I can reproduce your results and DDP is indeed faster than DP in this case.
I will debug my code shortly and post here the outcome if the problem still persists or otherwise the solution that fixed the issue.

1 Like

@mrshenli so i debugged the code and found one bug that i was not returning the wrapped model to my parent function.
so after these changes DDP and DP take similar time ~ 1.6 seconds per iteration but still DDP is not faster than DP in my case.

.....
if config.distributed_training.enable:
     logging.info(f"spawning multiprocesses with {config.distributed_training.num_gpus} gpus")
     multiprocessing.spawn(  # type: ignore
           _train_model,
           nprocs=config.distributed_training.num_gpus,
           args=(pretrained_model, config, train_dataset, output_dir),
      )

def _train_model(
    gpu_index: int, pretrained_model: str, config: CfgNode, train_dataset: Dataset, output_dir: Path
) -> nn.Module:  **# this was returning None before**
    train_sampler = None
    world_size = _get_world_size(config)
    local_rank = gpu_index
    device = None
    if config.distributed_training.enable:
        local_rank = _setup_distributed_process(gpu_index, world_size, config)

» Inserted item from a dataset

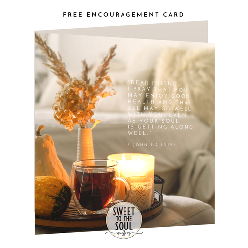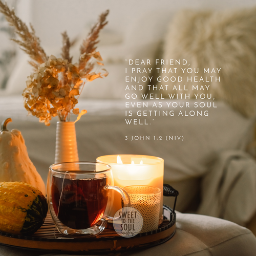 “Dear friend, I pray that you may enjoy good health and that all may go well with you, even as your soul is getting along well.” 3 John 1:2 (NIV)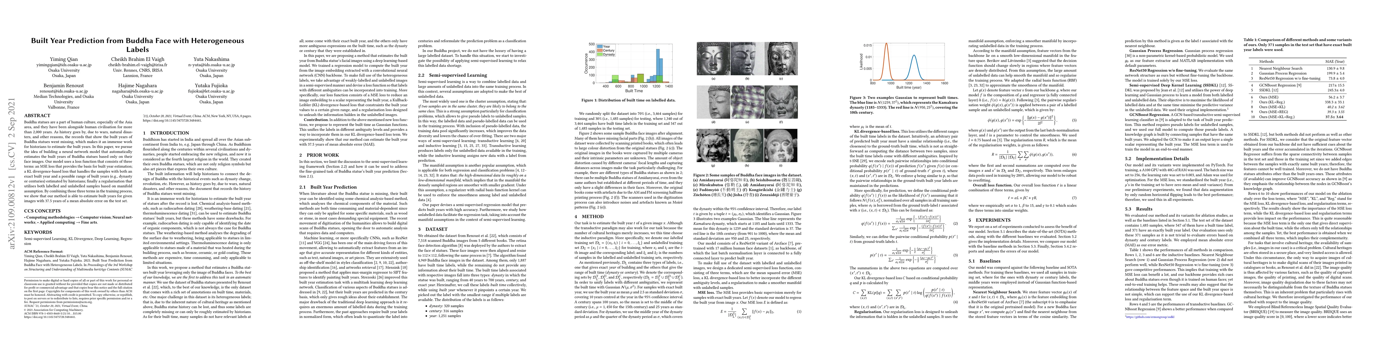Buddha statues are a part of human culture, especially of the Asia area, and they have been alongside human civilisation for more than 2,000 years. As history goes by, due to wars, natural disasters, and other reasons, the records that show the built years of Buddha statues went missing, which makes it an immense work for historians to estimate the built years. In this paper, we pursue the idea of building a neural network model that automatically estimates the built years of Buddha statues based only on their face images. Our model uses a loss function that consists of three terms: an MSE loss that provides the basis for built year estimation; a KL divergence-based loss that handles the samples with both an exact built year and a possible range of built years (e.g., dynasty or centuries) estimated by historians; finally a regularisation that utilises both labelled and unlabelled samples based on manifold assumption. By combining those three terms in the training process, we show that our method is able to estimate built years for given images with 37.5 years of a mean absolute error on the test set.

        train_sampler = torch.utils.data.DistributedSampler(
            train_dataset, num_replicas=world_size, rank=local_rank
        )
        device = torch.device(local_rank)
    else:
        device = torch.device("cuda")

    model = MyModel(config) 
    model = _transfer_model_to_device(model, local_rank, gpu_index, config) # **now i assing to the model** 
    dataloader = _initialize_data_loader(train_dataset, config, train_sampler)
    _execute_training(config, device, model, train_sampler, dataloader, output_dir)

def _execute_training(
    config: CfgNode,
    device: torch.device,
    model: nn.Module,
    train_sampler: Optional[torch.utils.data.DistributedSampler],
    dataloader: DataLoader,
    output_dir: Path,
) -> None:
    network_config = config.network_config
    loss_combiner = MultiTaskLoss(num_tasks=2).to(device)
    trainable_params_model = list(filter(lambda p: p.requires_grad, model.parameters()))
    trainable_params = trainable_params_model + list(loss_combiner.parameters())
    optimizer = optim.Adam(
        trainable_params, lr=network_config.learning_rate, betas=(0.9, 0.99), weight_decay=0.001
    )
    logging.info(f"logging to tensorboard at {DEFAULT_TENSORBOARD_LOG_LOCATION}")
    with SummaryWriter(DEFAULT_TENSORBOARD_LOG_LOCATION) as summary_writer:  # type: ignore
        for epoch_idx in range(config.network_config.epochs):
            if config.distributed_training.enable and train_sampler is not None:
                train_sampler.set_epoch(epoch_idx)
            logging.info(f"starting epoch {epoch_idx}")
            _adjust_learning_rate(optimizer, epoch_idx, network_config.learning_rate, network_config.lrepochs)
             #**This is the entry point to the rest of the agnostic code that is same for both DP and DDP**
            _train_batches(
                epoch_idx, dataloader, model, optimizer, device, config, loss_combiner, summary_writer
            )


def _initialize_data_loader(
    train_dataset: Dataset, config: CfgNode, train_sampler: Optional[torch.utils.data.DistributedSampler]
) -> DataLoader:
    network_config = config.network_config
    dataloader = DataLoader(
        train_dataset,
        network_config.batch_size,
        collate_fn=custom_collate,
        shuffle=network_config.training_data_shuffle,
        num_workers=network_config.data_loader_num_workers,
        drop_last=network_config.drop_last_training_sample,
        pin_memory=network_config.data_loader_pin_memory,
        sampler=train_sampler,
    )
    return dataloader

Does your model use any buffers? You can check that by running list(mode.buffers()).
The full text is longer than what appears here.